通常ならば吸気孔から取り入れた空気を圧縮しつつ排気孔から勢いよく噴出するこのスラスターだが、いまは排気孔とそれにつながる配管だけになっている。
「カタログスペックの排気量から換算すると圧空の魔術の威力は――」
ミツキが書き込んでくれた圧空の魔術式に威力の設定を書き込む。
整備士たちにスラスターから距離を取らせ、魔術を起動した。
「おぉう、この排気音、脊髄に来る良い音だ」
「コト、そんな恍惚とした顔で言うなよ」
近所迷惑なので適当なところで停止させる。
排気量や風力の計算などをしていると、ベイジルと一緒に見学していた整備士君が近付いてきた。
「ボールドウィン、近づけさせるな」
「おうよ」
ボールドウィンが整備士君の行く手を塞ぐ。
「機密なんで、魔導核の設定は見せられないな」
「盗み見ようなんて思ってない。質問したいだけだ」
整備士君が俺を指差して言う。
「答えられるものなら答えるよ」
俺は計算の手を止めずに整備士君に質問を促した。
「この改造スラスターを使った場合の燃費はどうなってる?」
「改造前の三倍弱じゃね」
「……三倍?」
同じ出力を出した場合、改造後のスラスターは改造前に比べて魔力消費量が三分の一程度で済んでいる。

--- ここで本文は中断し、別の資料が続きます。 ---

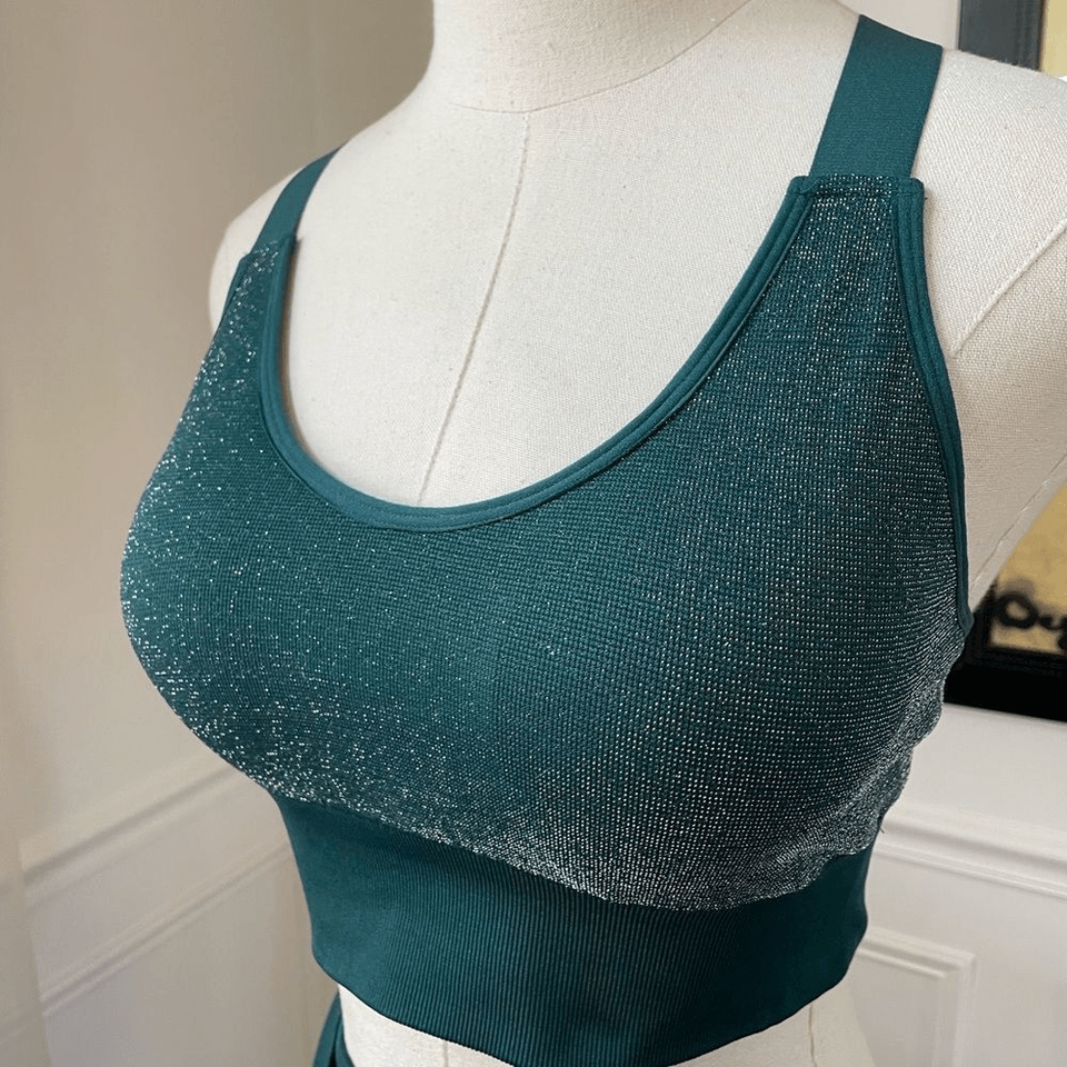 ASOS South Beach Seamless Shimmer Green Silver Leggings Sports Bra Activewear Se

実戦ともなればここまでいい数値は出ないだろうし、精霊人機に組み込むと魔力のロスなども出るだろうけど、それを込みで試算しても燃費ははるかにいい。
「そもそも、既存のスラスターの魔力消費量が多いのは常識なんだろ? なんで魔力消費量が多いかって考えたことあるか?」
俺の問いに、整備士君は眉を寄せながらも答えてくれる。
「風魔術で広範囲から空気を取り込むためだろう。その上で取り込んだ空気を圧縮、指向性を持たせて放出するからいくつかの魔術式を併用することになって、魔力の消費量がその分大きくなる」
「そう。俺はその問題を解消しただけ」
圧空はたった一つの魔術式からなる。
本来、空気を生み出す圧空は、周囲の空気に働きかける風魔術よりも魔力の消費量が多い。
だが、精霊人機で発動する風魔術は広範囲に働きかける魔術だ。規模に比例して魔力消費量が跳ね上がる。

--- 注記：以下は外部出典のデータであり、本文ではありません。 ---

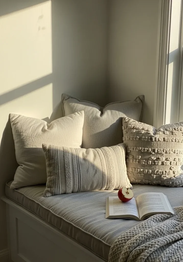 Warm creamy walls create a cozy little corner that feels peaceful and full of gentle light. The neutral paint softly reflects the sunlight coming through the window which makes the space glow with warmth. A cushioned bench layered with textured pillows invites you to sit down and relax. A soft knit throw and an open book resting beside a sliced apple add a simple lived in charm that makes the nook feel calm and welcoming.
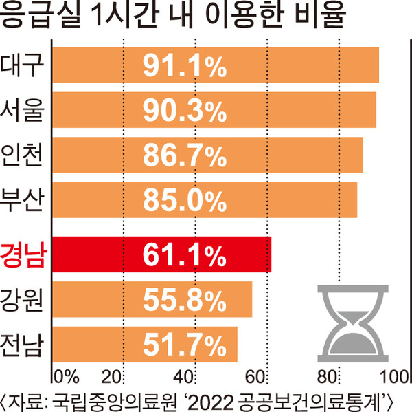 도는 응급 진료 공백을 줄이고자 현재 7곳인 지역응급의료센터를 확대할 방침이다. 지난달 창원시 SMG연세병원이 지역응급의료기관에서 지역응급의료센터로 격상해 중증환자 최종 치료를 하고 있다. 도는 거제시 지역응급의료기관인 거붕백병원·대우병원·맑은샘병원 중 1곳을 지역응급의료센터로 격상하고자 의료기관 요청 때 적극적으로 행정 지원을 할 계획이다. 또 최근 폐업한 양산 웅상중앙병원 영향을 최소화하고자 양산지역에 응급실을 설치할 수 있는 대안을 마련하고 있다.
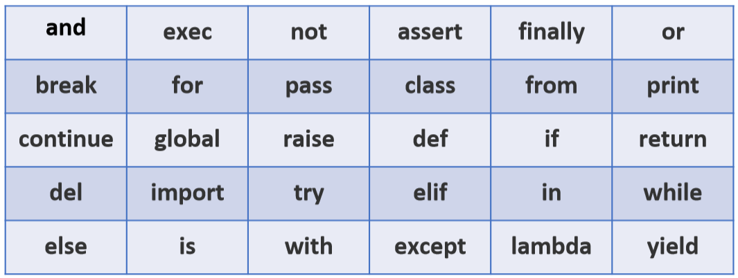 保留字(关键字)不能用作常数或变量,也不能作为任何其他标识符,需要注意的是,所有 Python 关键字只包含小写字母。
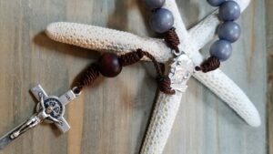 The word rosary comes from Latin and means a garland of roses, the rose being one of the flowers used to symbolize the Virgin Mary. If you were to ask what object is most emblematic of Catholics, people would probably say, “The rosary, of course.” We’re familiar with the images: the silently moving lips of the old woman fingering her beads; the oversized rosary hanging from the waist of the wimpled nun; more recently, the merely decorative rosary hanging from the rearview mirror. However you decide to use it, the Amber Our Lady Undoer of Knots rosary is a perfect addition to your rosary collection.
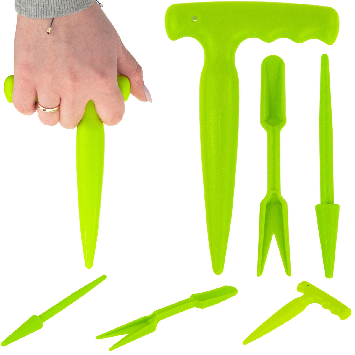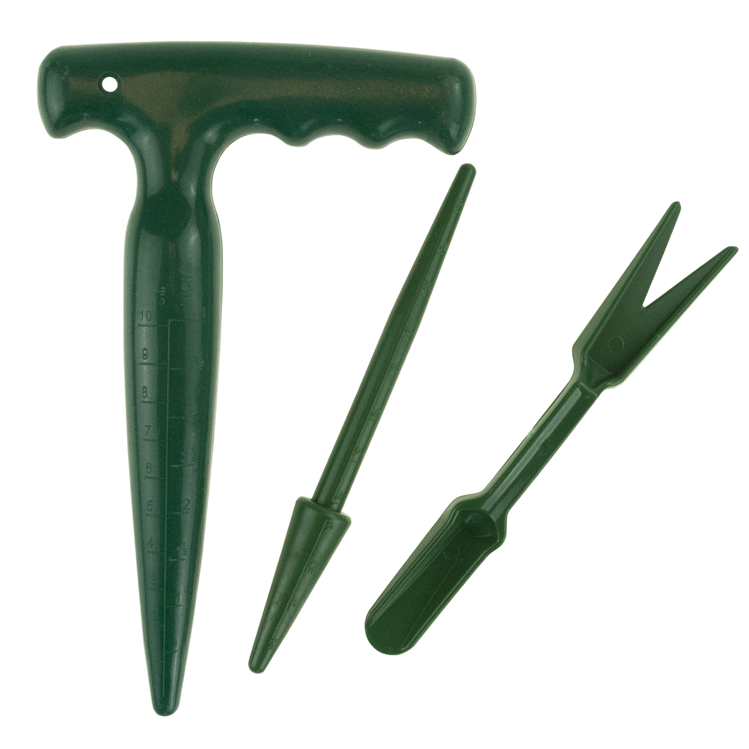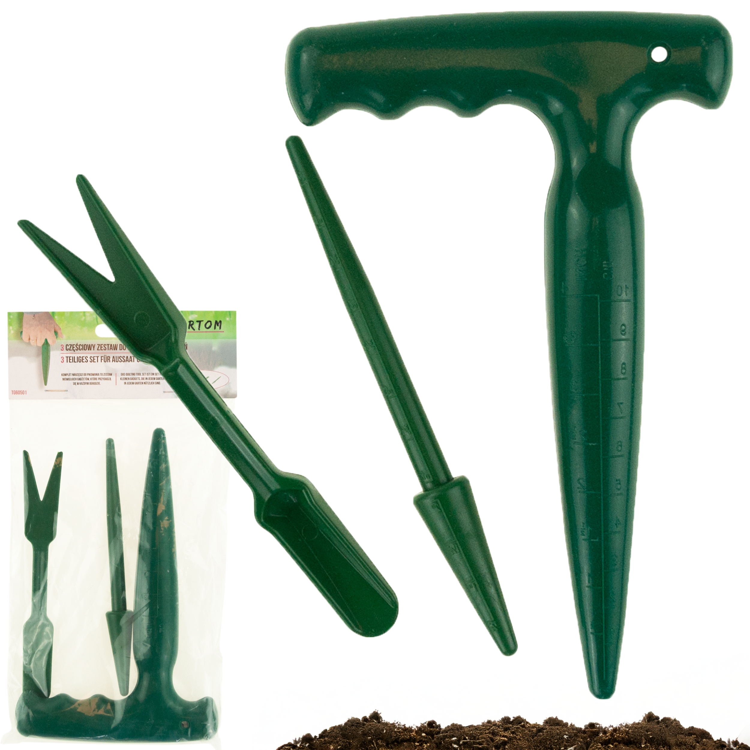 Tato sada je složena z drobných pomůcek, které se budou hodit na každé zahradě. Usnadní práci každému, kdo sám vysévá semena a pěstuje sazenice zeleniny nebo květin. Budou nepostradatelné při výsevu semen, pikýrování a sázení. Díky nim bude práce vyžadující velkou přesnost a jemnost provedena rychle a efektivně, aniž byste si ušpinili ruce.

一定の規模以上になると、圧空の方が魔力消費量を少なく抑えることができるのだ。
加えて、吸気や配管が不要なため、部品の簡略化も図れる。
だが、俺は圧空の魔術そのものを公開する気がないので整備士君には教えない。
スラスターの改造は順調にできたので、そのまま取り付けられる状態で倉庫の片隅に安置した。
「すぐに取りつけないんですか?」
タリ・カラさんが不思議そうに聞いてくる。
「軍関係者がいる前で精霊人機にスラスターを取り付けるなんて、技術を盗んでくださいって言ってるようなものですよ。取り付けは後でいいんです。今日はもう時間もないですからね」
ミツキの魔導核講座も終わったようなので、魔導核に記述されている魔術式を実際に最新のものに変更してもらう。
ミツキは魔術式の書き込みを月の袖引くに任せて俺のところにやってきた。
「てっきり、最新の制御系の魔術式に手を加えると思ったんだけどな」
「先に基礎から覚えてもらった方が良いと思って、月の袖引くの団員さんに任せることにしたの。それに、スカイを改造した時みたいに大事にしないよう、改造自体も控えめにするでしょう?」
スカイを改造した際には、軍が所有する専用機と同等以上のスペックが認められるとの事で、情報公開を求められた経緯がある。
スカイを持つ青羽根がマライアさん率いる開拓団〝飛蝗〟の傘下に入る事で事なきを得たが、今回は飛蝗やそれに類する強力な開拓団は存在しない。
だから改造も控えめにしないと、月の袖引くに迷惑がかかってしまうのだ。
「正直、やりたいことはもっとたくさんあるんだけどな」
これでも自重しているのだ。
現状で進められる作業をすべて終えると、再びホワイトボードの前に集まる。
議題は攻撃力をどうするかだ。
「二年間シャムシール一筋って話だから、いまさらハンマーに持ち変えるのは難しいだろうな」
精霊人機の操縦に深くかかわる議題だけあって、ボールドウィンが口火を切る。
タリ・カラさんが申し訳なさそうに頷いた。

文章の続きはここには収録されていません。